[Opening EXERCISE DATA section]

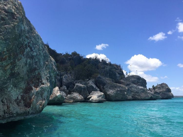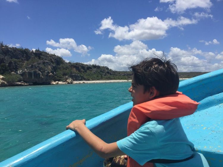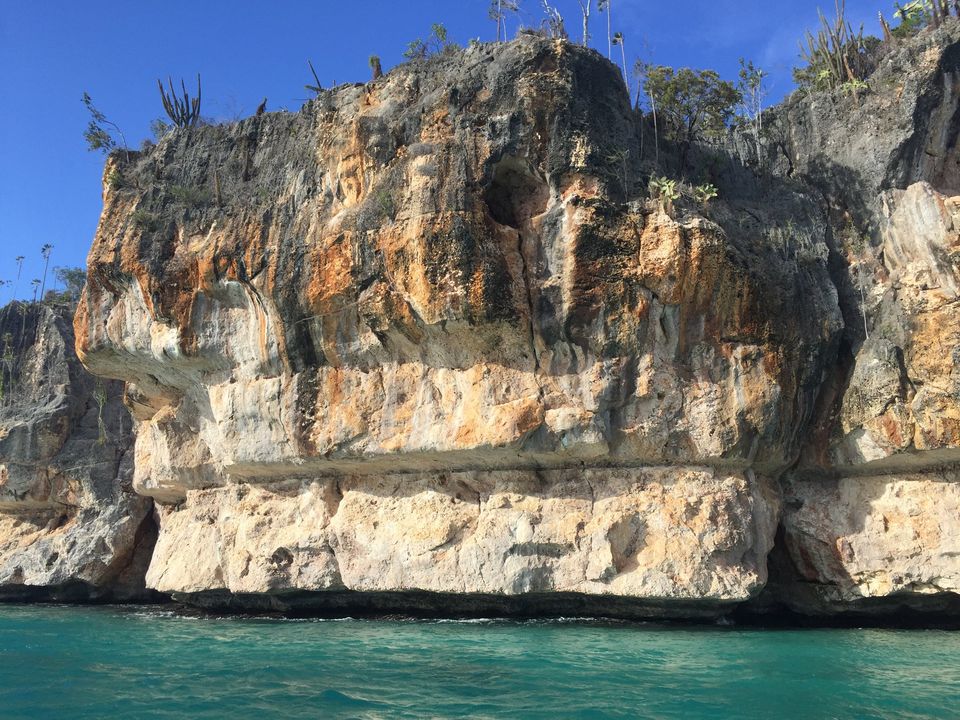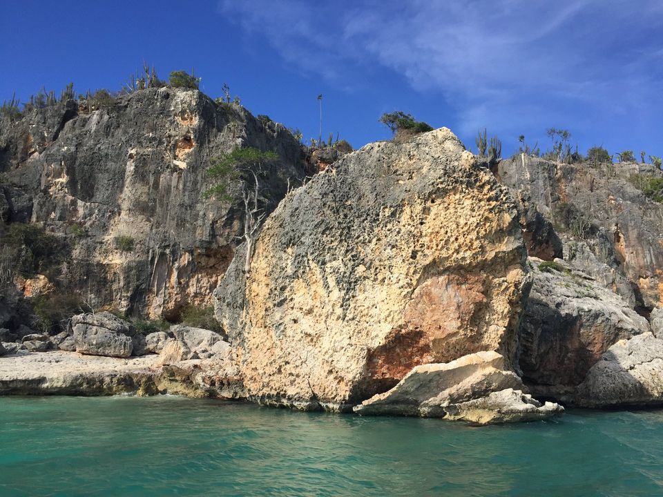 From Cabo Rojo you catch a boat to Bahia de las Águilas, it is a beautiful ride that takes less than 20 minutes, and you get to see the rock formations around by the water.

[Closing EXERCISE DATA section]
[Opening EXERCISE DATA section]

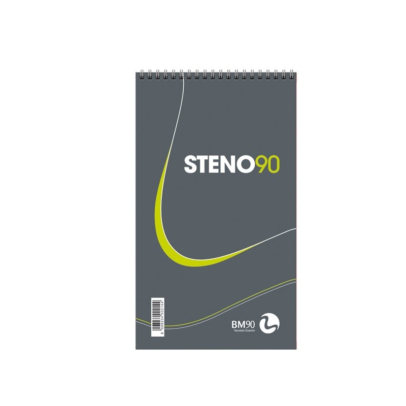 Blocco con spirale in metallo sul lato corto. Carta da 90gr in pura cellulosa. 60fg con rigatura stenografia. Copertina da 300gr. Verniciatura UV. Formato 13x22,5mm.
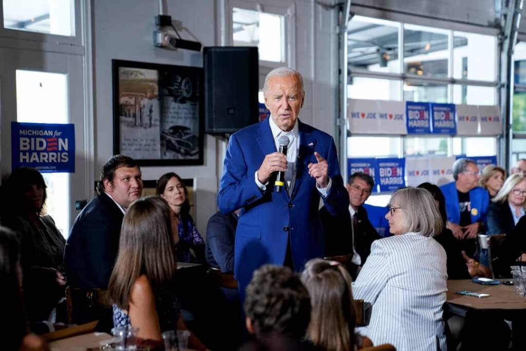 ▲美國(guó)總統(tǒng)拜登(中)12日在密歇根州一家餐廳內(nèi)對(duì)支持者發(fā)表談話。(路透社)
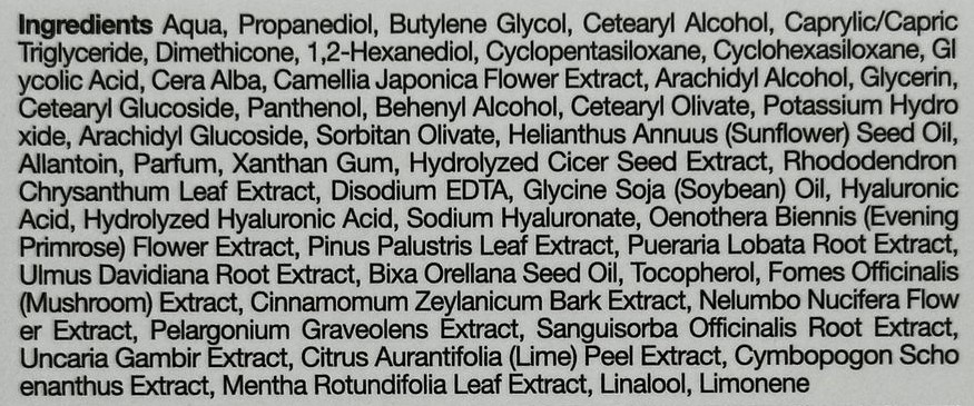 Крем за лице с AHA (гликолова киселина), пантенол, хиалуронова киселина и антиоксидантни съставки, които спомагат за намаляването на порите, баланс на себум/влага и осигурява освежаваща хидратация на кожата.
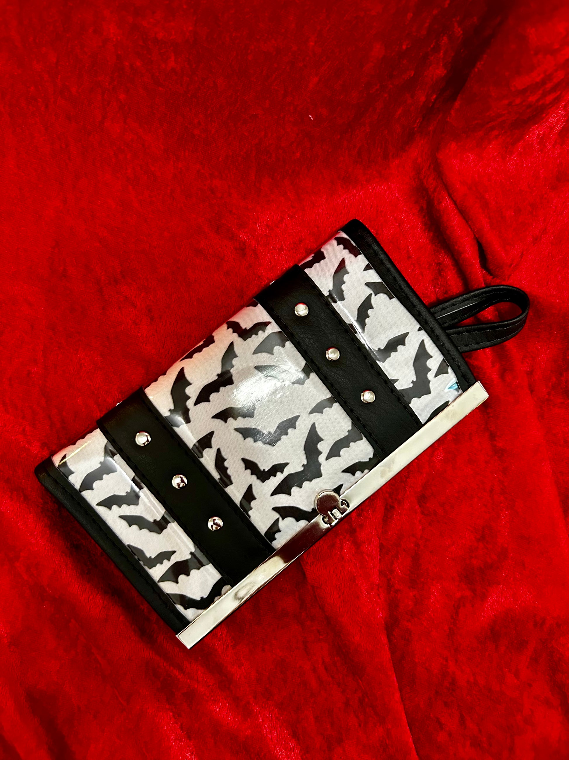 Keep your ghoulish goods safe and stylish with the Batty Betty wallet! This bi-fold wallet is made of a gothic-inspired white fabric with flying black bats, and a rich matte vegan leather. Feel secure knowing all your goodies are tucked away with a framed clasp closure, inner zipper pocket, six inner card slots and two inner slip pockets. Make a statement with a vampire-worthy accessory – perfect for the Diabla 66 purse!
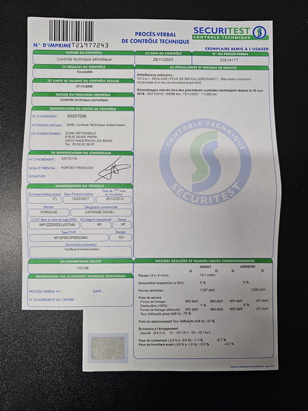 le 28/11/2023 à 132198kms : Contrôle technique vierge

[Closing EXERCISE DATA section]
[Opening EXERCISE DATA section]

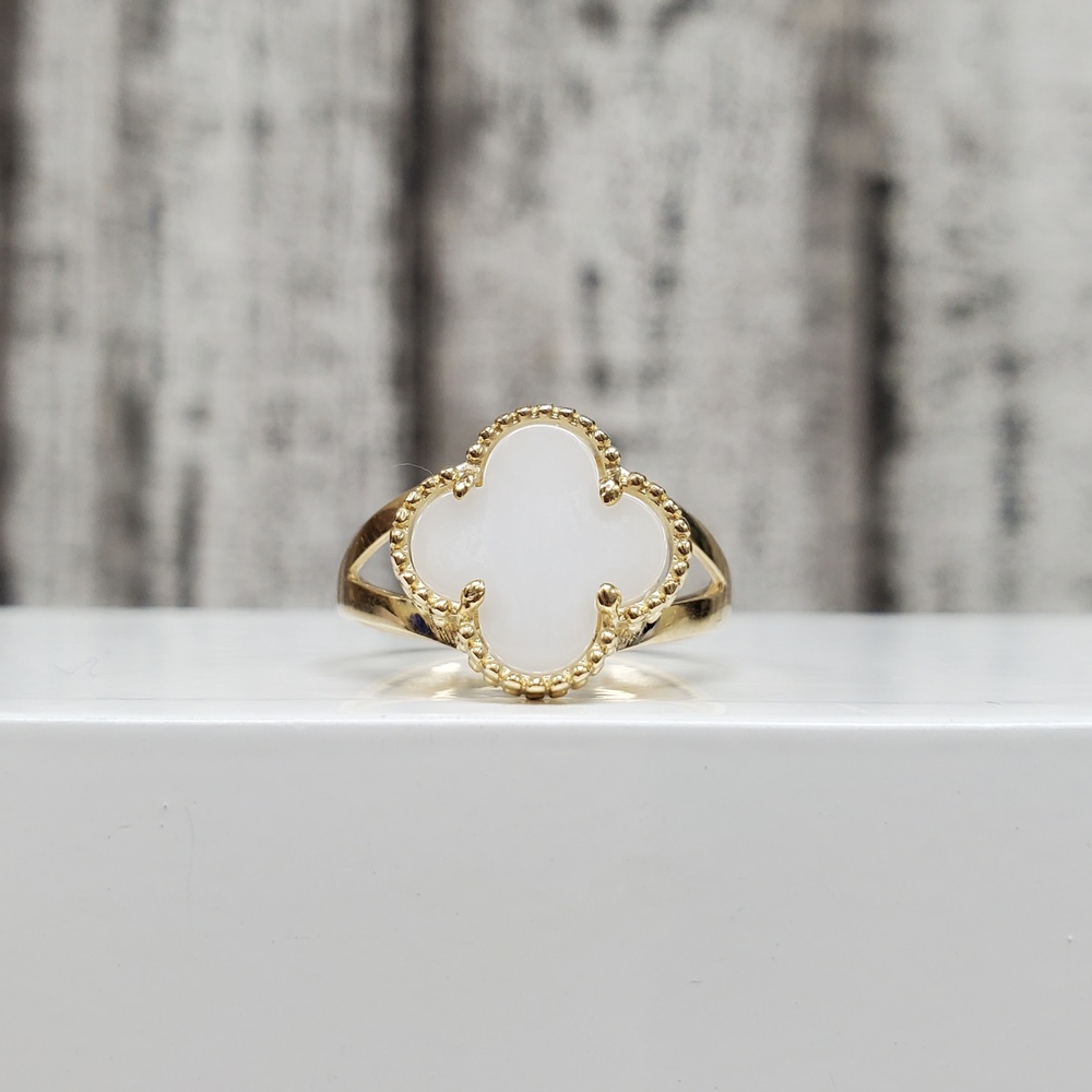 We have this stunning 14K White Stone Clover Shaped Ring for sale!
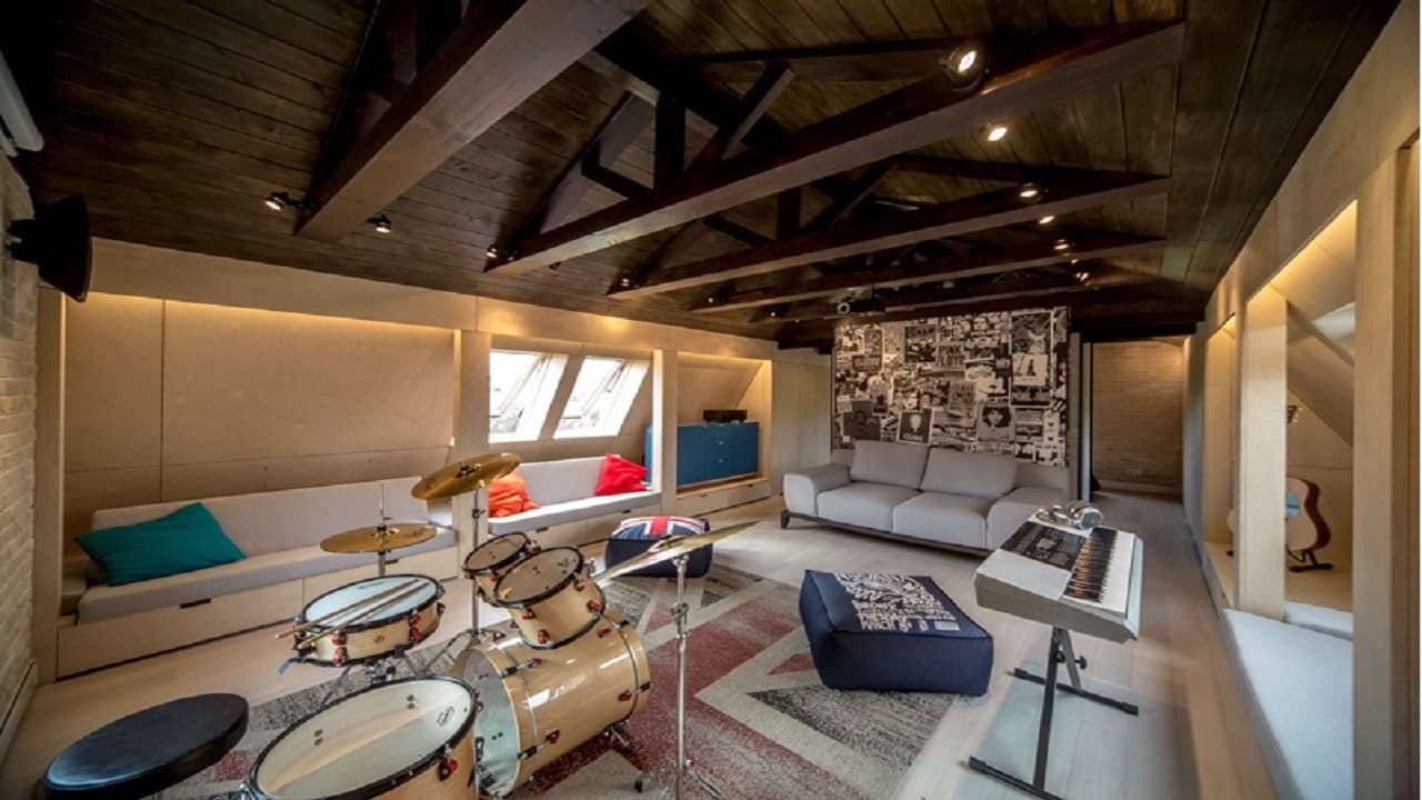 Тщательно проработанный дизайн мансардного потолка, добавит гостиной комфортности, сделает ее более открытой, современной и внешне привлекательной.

[Closing EXERCISE DATA section]

# [YOUR OBJECTIVE]
In the data above, the stretch from the line with "We have this" through the line with "Тщательно проработанный дизайн" is to be returned exactly, minus any pictures.

# [WRITTEN RESPONSE]
 We have this stunning 14K White Stone Clover Shaped Ring for sale!
 Тщательно проработанный дизайн мансардного потолка, добавит гостиной комфортности, сделает ее более открытой, современной и внешне привлекательной.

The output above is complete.